ASSIGNMENT → Transcribed word for word, the lines below from the one with "This page presents" through the last line of the records form the answer; no picture is to be included.

Data entries →
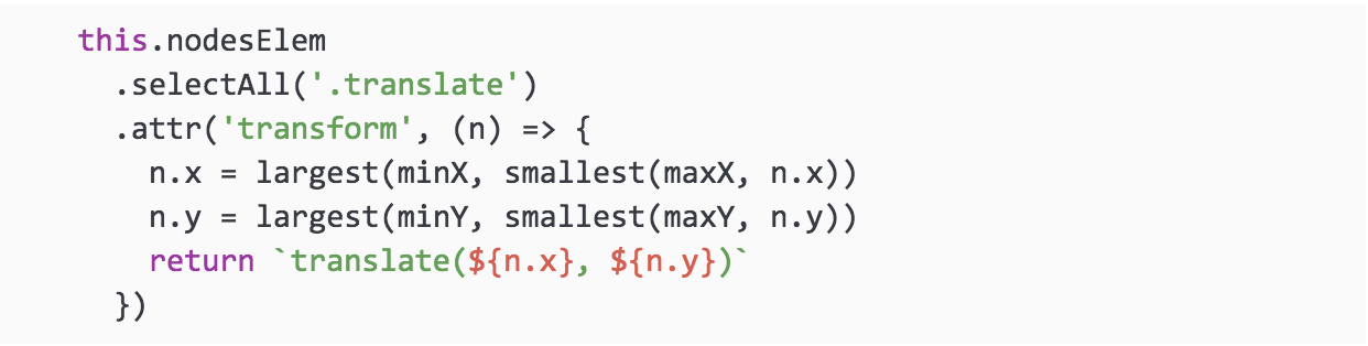 In this component, render does much less than normal: nothing more than creating the SVG element that serves as the home for the D3 drawing surface.
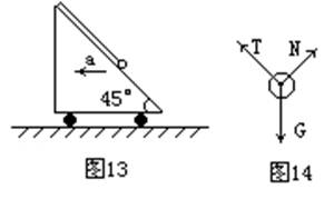[解析]当加速度较小时,小球是压在斜面上的,小球受重力G、支持力N和张力T三个力的作用,受力如图14所示。当加速度很大时,小球将飘离斜面,此时小球只受重力G和张力T'的作用,受力如图15所示。为准确判断是属于哪一种情况,必须以小球压在斜面上还是飘离斜面为界,求出其制约参量加速度的临界值a0。当a<a0时,小球压在斜面上,且有支持力存在。当a>a0时,小球飘离斜面,当然也就没有支持力存在了。因此解这类问题时,可以先求出临界加速度
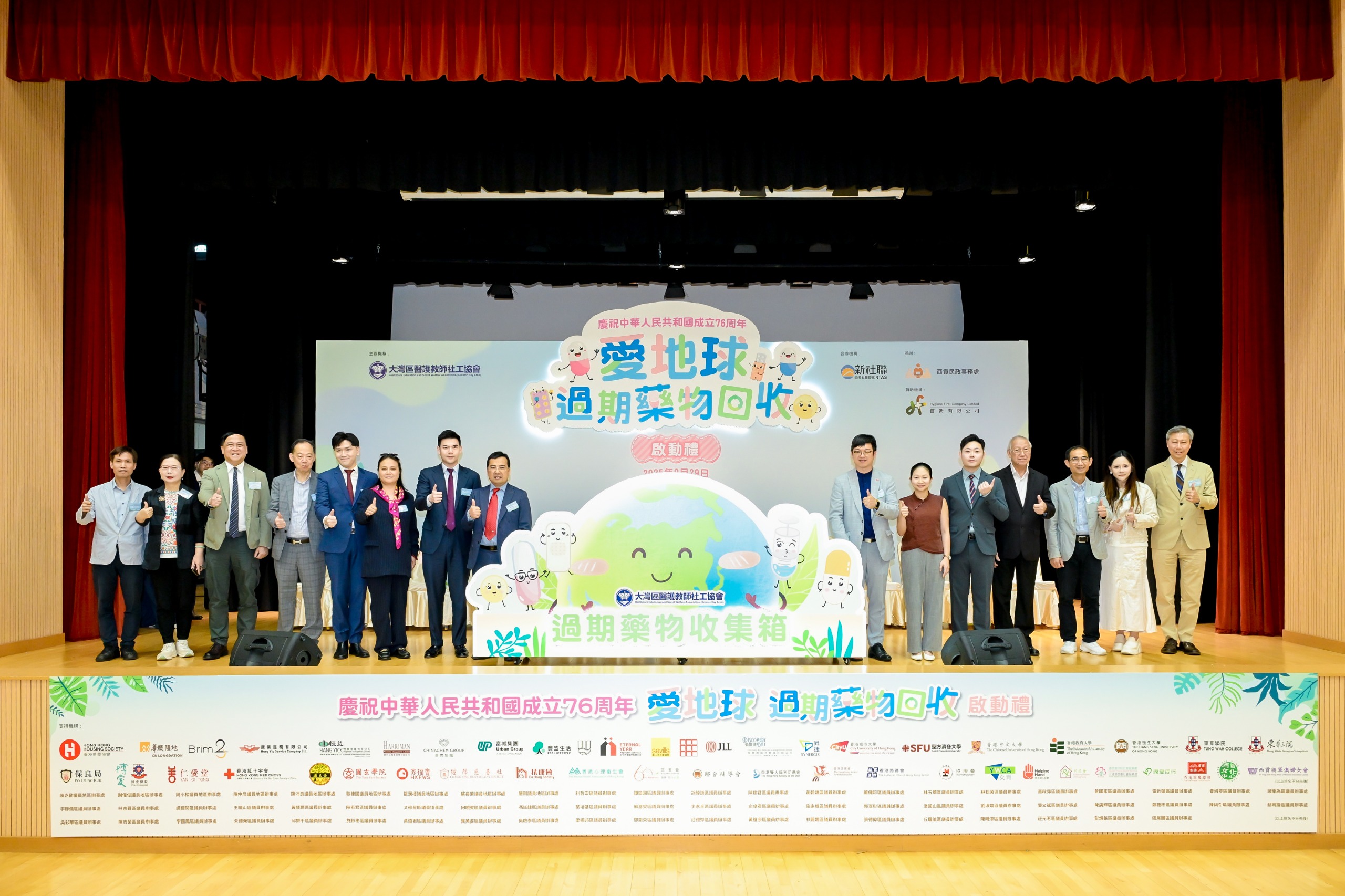 【橙訊】9月29日,由大灣區醫護教師社工協會主辦、新界社團聯會合辦的「愛地球 過期藥物回收」活動於在西貢賽馬會大會堂舉行,勞工及福利局副局長何啟明,中央政府駐港聯絡辦新界工作部處長趙克祥,西貢民政事務專員馬瓊芬,香港中華總商會永遠榮譽會長袁武,新界社團聯會理事長譚鎮國,大灣區醫護教師社工協會主席舒鈗昊、會長黃祉穎、監事會主席黃浩誠等出席主禮。活動為期三個月,獲得110個不同界別的機構響應,將在全港18區設置約2000個藥物回收箱。
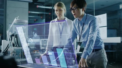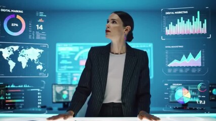 Businesswoman Analyzing Digital Data Graphs On Abstract Interface Videos
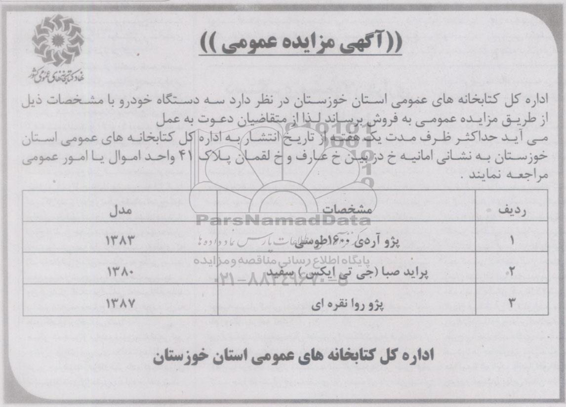 اداره کل کتابخانه های عمومی استان خوزستان در نظر دارد سه دستگاه خودرو با مشخصات ذیل از طریق مزایده عمومی به فروش برساند. لذا از متقاضیان دعوت می شود حداکثر ظرف مدت یک هفته از تاریخ انتشار اگهی به اداره کل کتابخانه های عمومی استان خوزستان به نشانی امانیه- خ دز بین خ عارف و خ لقمان پلاک 41 واحد اموال یا امور عمومی مراجعه نمایند.
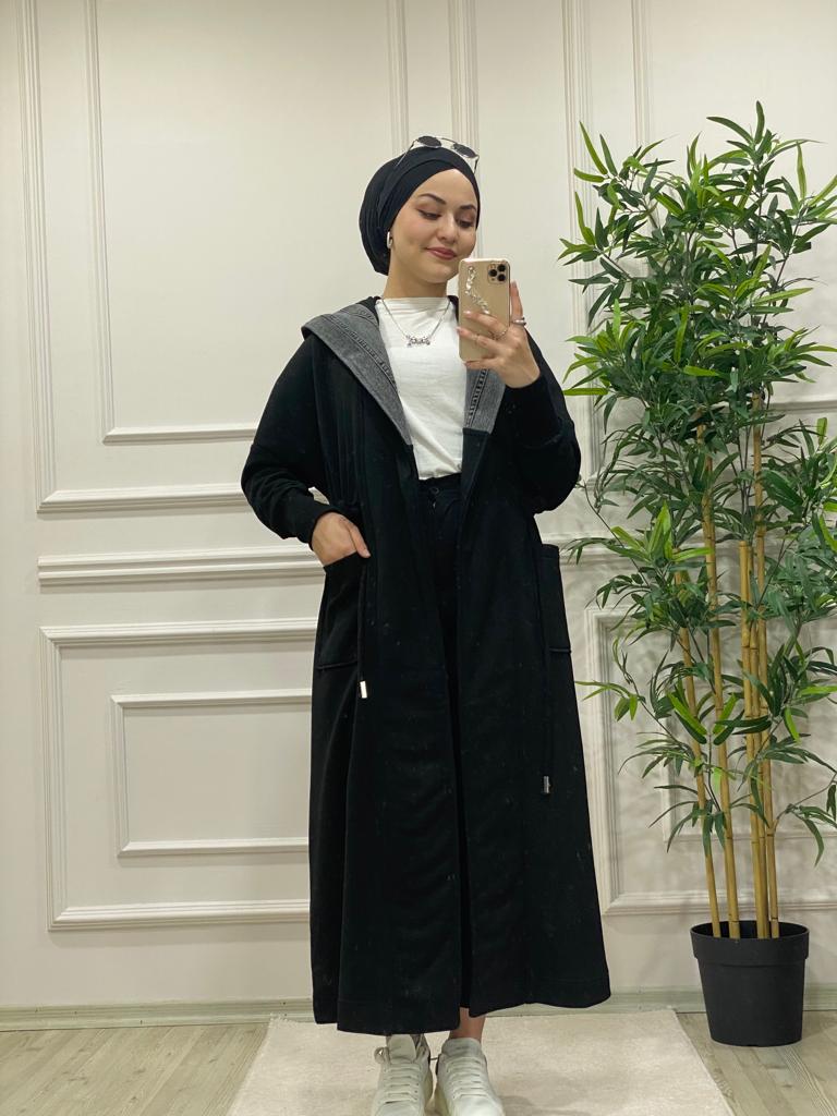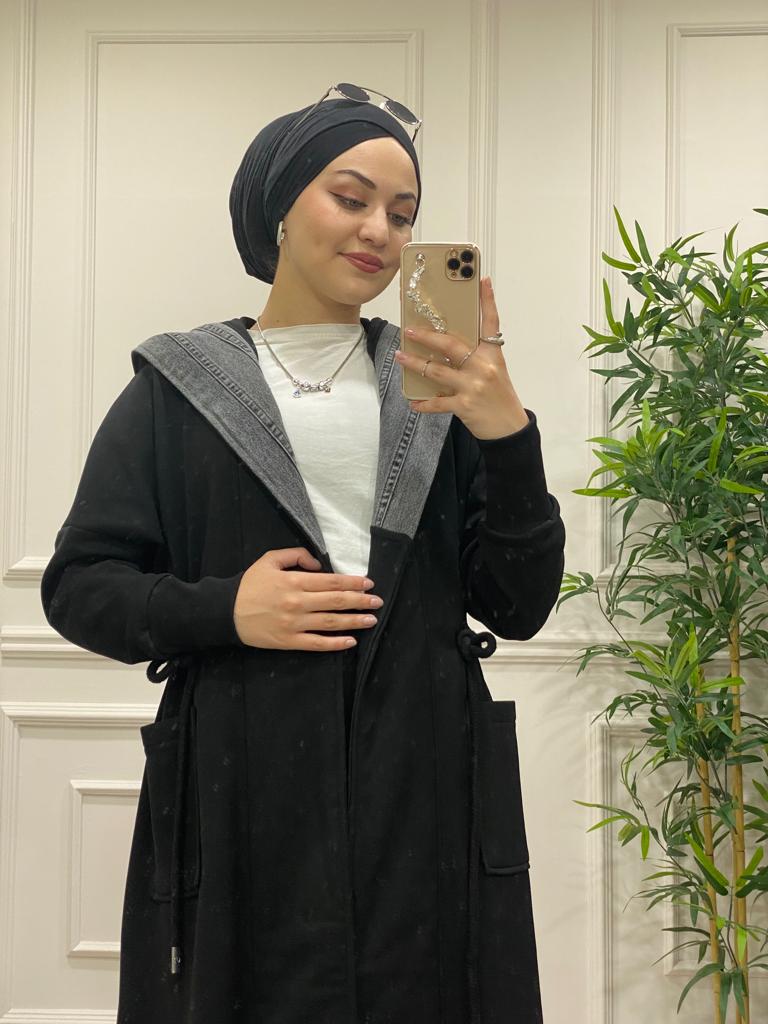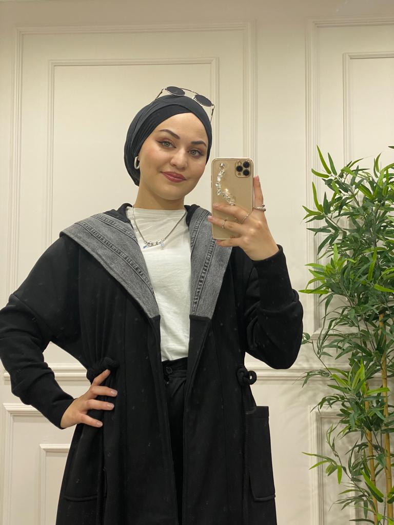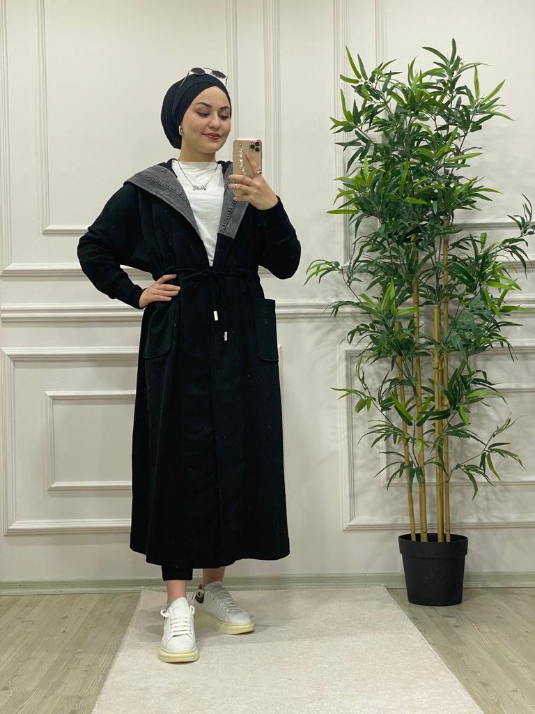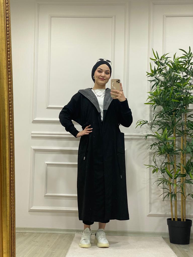 Kot detaylı üç iplik kumaş kap - Saklı tesettür kadın giyim elbise etek tunik takım
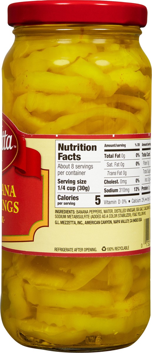Banana Peppers, Water, Distilled Vinegar, Sea Salt, Calcium Chloride, Natural Flavors, Sodium Metabisulfite (Added as a Color Stabilizer), FD&C Yellow 5.
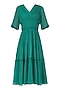 Featuring a teal tier dress in chiffon base with pleating through out.
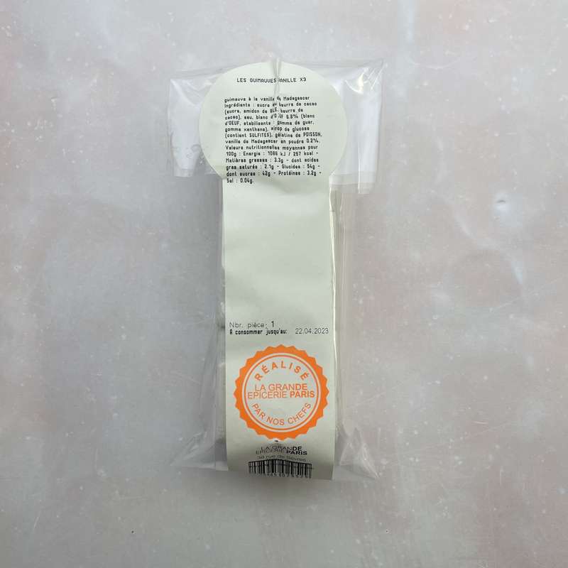 Appréciée pour sa texture moelleuse, légère et aérée, la guimauve de La Grande Épicerie de Paris a été confectionnée à partir de sucre au beurre de cacao, de blancs d’œufs battus en neige et de gélatine. Rehaussée des arômes de la vanille de Madagascar, cette guimauve est présentée en emballage de 3. Une confiserie fondante et raffinée à déguster en fin de repas.
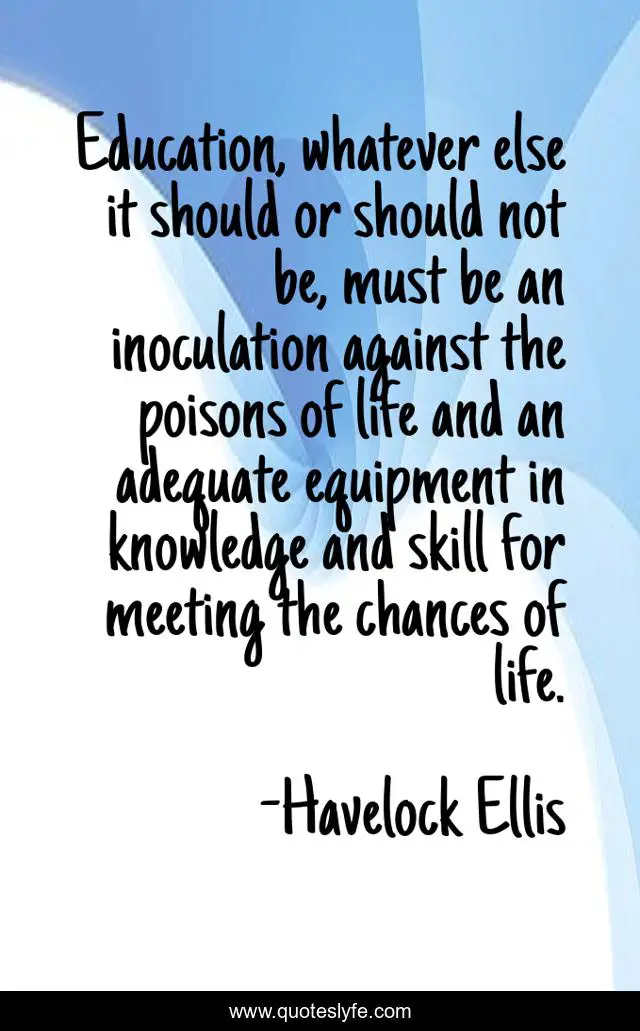 This page presents the quote "Education, whatever else it should or should not be, must be an inoculation against the poisons of life and an adequate equipment in knowledge and skill for meeting the chances of life.". Author of this quote is Havelock Ellis. This quote is about life, meeting, knowledge,.
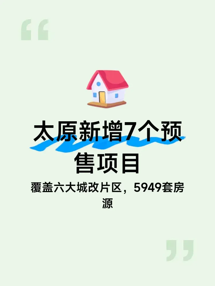 据太原市相关部门最新公示信息,2026年1月24日至2月6日期间,太原市新增7个商品房预售项目,涉及狄村、王家峰、杨家峪等6个城改片区,共计新增房源5949套,预售总面积达251185.67平方米。其中住宅类房源85498.27平方米,商业类165687.4平方米。
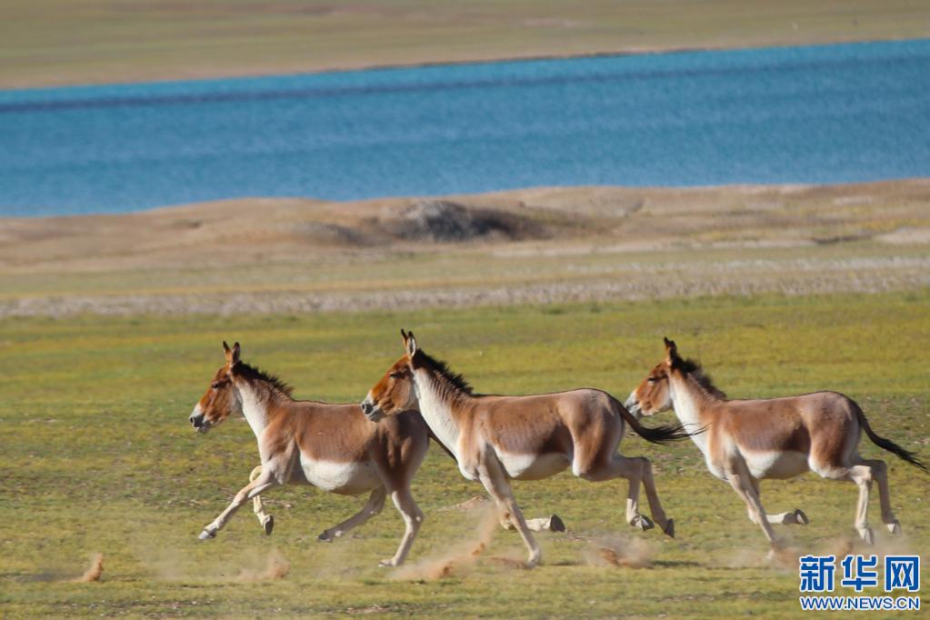 西藏改則縣奔騰的藏野驢(2022年4月8日)。新華社發(邊巴 攝)
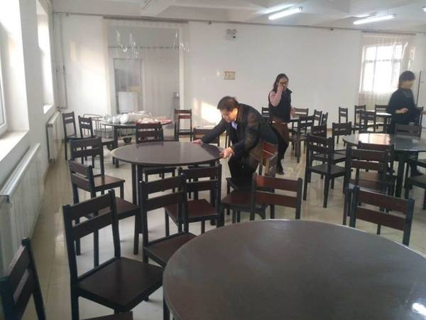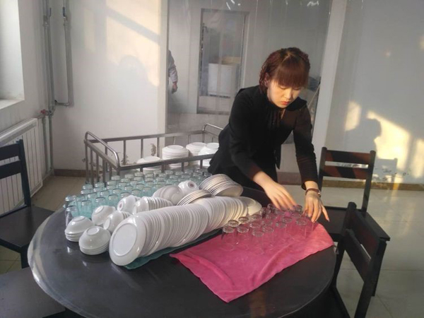 活動結(jié)束,大家共同幫助食堂工作人員收拾餐桌,四星人就是高素質(zhì)。
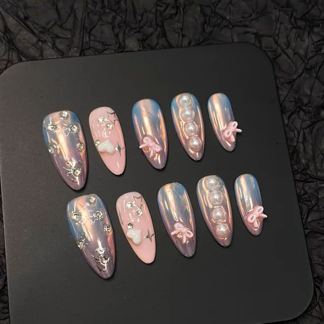 10pcs Handmade Pink Aurora Press on Nails Fish Tail Pearl Design Fake Nails Wearable Detachable French Almond False Nails

EXPECTED ANSWER →
 This page presents the quote "Education, whatever else it should or should not be, must be an inoculation against the poisons of life and an adequate equipment in knowledge and skill for meeting the chances of life.". Author of this quote is Havelock Ellis. This quote is about life, meeting, knowledge,.
 据太原市相关部门最新公示信息,2026年1月24日至2月6日期间,太原市新增7个商品房预售项目,涉及狄村、王家峰、杨家峪等6个城改片区,共计新增房源5949套,预售总面积达251185.67平方米。其中住宅类房源85498.27平方米,商业类165687.4平方米。
 西藏改則縣奔騰的藏野驢(2022年4月8日)。新華社發(邊巴 攝)
 活動結(jié)束,大家共同幫助食堂工作人員收拾餐桌,四星人就是高素質(zhì)。
 10pcs Handmade Pink Aurora Press on Nails Fish Tail Pearl Design Fake Nails Wearable Detachable French Almond False Nails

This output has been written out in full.